- Born: 29 September 1829
- Died: 20 May 1897 (aged 67)
- Military career
- Allegiance: United Kingdom
- Branch: Royal Engineers
- Rank: Major-General

= Robert Mann Parsons =

British Royal Engineer

Robert Mann Parsons (29 September 1829 – 20 May 1897) was a British Royal Engineer who was one of seven officers of the elite Royal Engineers, Columbia Detachment, that founded British Columbia as the Colony of British Columbia (1858–1866).

He was born on 29 September 1829 in Peckham, Surrey. He was educated at the Royal Military Academy, Woolwich, and commissioned in the Royal Engineers as a second lieutenant on 1 October 1847. He was promoted to lieutenant on 21 Sept 1850, to second captain on 23 February 1856, to captain on 1 April 1862, to major on 5 July 1872, to lieutenant-colonel on 8 March 1873, to colonel on 8 March 1878, and to major-general on 29 October 1879, when he retired.

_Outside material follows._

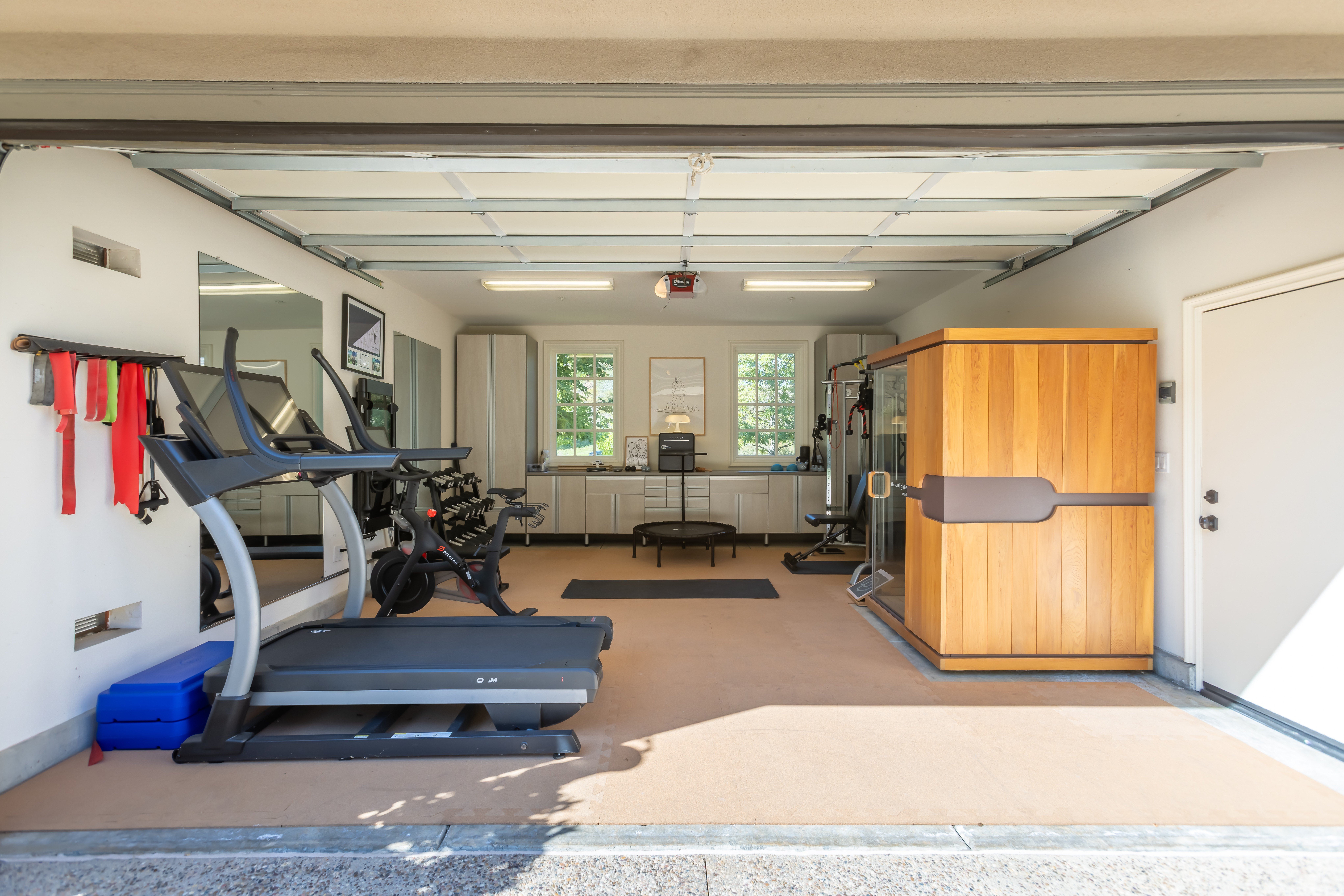 Each of the five bedrooms is en suite, with the primary suite boasting dual walk-in closets. Also in the home is a private gym, a sauna, nontoxic finishes, and a whole-house water filtration system, all tapping into wellness.

He arrived in British Columbia on 29 October 1858, in command of the first group of the Columbia Detachment, by which he was employed for his 'expert knowledge of survey'. He was in charge of the lithographic press of British Columbia from 1861 to 1863.

Parsons Anchorage in British Columbia (52˚31'00" 128˚44'00" Head of Kitasu Bay, West of Swindle Island, Northwest of Bella Bella) is named after him.

He was Superintendent of the Ordnance Survey office at Southampton, England, during 1869. He was elected a Fellow of the Royal Society on 2 June 1870.

He resided at 21 Hyde Vale, Greenwich, Kent, where he died on 20 May 1897, leaving assets worth £10,945 17s (about £1 million in 21st-century money). The records of his service are kept by the British National Archives.